Sheldon Mills’ artificial intelligence (AI) review will consider the evolving fraud threat from the technology on retail financial services, including AI-enabled advisers and intermediaries.
It will ask what good outcomes might mean where consumers are increasingly giving AI agents more control in their finances but may not be able to understand if these bots are acting in their interests.
Mills, who is executive director of the Financial Conduct Authority (FCA), is leading the regulator’s exploration of the long-term impact of AI on retail financial services which will include the future evolution of the technology.

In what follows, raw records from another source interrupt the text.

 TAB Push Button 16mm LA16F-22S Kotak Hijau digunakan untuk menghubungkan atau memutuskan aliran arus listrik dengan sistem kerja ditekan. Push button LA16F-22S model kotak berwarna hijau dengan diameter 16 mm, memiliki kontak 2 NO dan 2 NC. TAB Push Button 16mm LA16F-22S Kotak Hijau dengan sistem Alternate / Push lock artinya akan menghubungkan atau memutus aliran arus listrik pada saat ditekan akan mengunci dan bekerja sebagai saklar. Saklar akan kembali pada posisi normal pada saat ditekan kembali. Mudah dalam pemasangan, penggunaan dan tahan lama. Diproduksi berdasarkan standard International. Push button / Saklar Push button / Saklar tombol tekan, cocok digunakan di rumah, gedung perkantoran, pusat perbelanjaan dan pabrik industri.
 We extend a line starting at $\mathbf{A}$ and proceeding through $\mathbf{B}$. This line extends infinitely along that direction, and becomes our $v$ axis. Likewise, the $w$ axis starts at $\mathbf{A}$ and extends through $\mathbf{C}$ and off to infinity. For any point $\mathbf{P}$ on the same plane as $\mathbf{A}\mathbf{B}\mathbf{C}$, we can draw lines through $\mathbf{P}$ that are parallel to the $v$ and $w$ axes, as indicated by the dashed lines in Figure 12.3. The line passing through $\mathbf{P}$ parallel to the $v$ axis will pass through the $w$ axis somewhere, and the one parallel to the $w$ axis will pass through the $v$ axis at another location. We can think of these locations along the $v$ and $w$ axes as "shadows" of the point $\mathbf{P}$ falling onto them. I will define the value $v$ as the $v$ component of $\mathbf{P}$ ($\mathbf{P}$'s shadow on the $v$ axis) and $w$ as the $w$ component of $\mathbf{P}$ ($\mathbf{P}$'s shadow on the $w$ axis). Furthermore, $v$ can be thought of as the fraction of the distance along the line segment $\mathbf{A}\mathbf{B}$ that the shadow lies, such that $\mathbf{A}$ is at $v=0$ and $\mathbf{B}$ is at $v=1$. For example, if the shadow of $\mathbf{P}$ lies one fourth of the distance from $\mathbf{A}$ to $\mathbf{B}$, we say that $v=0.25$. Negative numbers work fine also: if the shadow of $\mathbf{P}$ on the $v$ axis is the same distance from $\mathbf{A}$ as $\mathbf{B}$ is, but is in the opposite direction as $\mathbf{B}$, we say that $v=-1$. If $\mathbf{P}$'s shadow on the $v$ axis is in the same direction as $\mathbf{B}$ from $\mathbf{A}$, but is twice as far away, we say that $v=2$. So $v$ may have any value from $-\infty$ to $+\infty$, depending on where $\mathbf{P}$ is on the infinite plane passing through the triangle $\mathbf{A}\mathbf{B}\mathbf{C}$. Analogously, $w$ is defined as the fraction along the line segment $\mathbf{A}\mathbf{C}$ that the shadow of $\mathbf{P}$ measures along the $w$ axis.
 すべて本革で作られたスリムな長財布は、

This includes a question asking how AI-driven fraud could evolve as consumers increasingly delegate decisions to AI, and what would this mean for consumer agency, harm, and protection in retail financial services.
Highlighting the risk coming with new technologies, Mills said: “AI adoption in financial services also introduces growing risks, including sophisticated AI-enabled fraud and identity abuse, algorithmic bias, and opaque decision-making.

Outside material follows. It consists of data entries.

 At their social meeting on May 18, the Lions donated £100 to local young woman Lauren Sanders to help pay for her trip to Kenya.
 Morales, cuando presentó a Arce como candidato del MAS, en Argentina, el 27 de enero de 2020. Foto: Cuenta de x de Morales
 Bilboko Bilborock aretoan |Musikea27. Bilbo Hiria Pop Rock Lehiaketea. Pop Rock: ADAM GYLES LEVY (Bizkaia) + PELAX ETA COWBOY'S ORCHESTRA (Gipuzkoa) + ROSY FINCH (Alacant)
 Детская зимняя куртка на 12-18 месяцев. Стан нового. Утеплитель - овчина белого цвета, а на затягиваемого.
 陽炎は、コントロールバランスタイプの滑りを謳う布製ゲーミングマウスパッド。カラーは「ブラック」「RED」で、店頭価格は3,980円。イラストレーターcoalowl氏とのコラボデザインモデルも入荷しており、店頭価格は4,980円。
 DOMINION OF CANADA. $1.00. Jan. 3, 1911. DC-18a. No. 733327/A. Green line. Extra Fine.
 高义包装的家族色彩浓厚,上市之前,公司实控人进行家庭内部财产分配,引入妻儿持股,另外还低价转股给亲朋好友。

“It could also potentially reduce consumer agency and introduce new forms of market concentration or systemic vulnerability.“
Considering good outcomes
In its outline for the review, the FCA said: “We know though that other harms could emerge, such as reliance on unregulated AI for guidance or advice, vulnerability to mis-selling, and risks created by model bias or hallucination.
“Indeed, as consumers delegate more decisions to AI-enabled intermediaries, new forms of AI-driven fraud, manipulation and laundering may emerge, exploiting synthetic identities, deepfake interactions and automated criminal ecosystems,” it added.
“We will consider what good outcomes might mean in a world where consumers increasingly delegate financial decisions and their ability to assess whether their AI agents are acting in their interests may be limited.”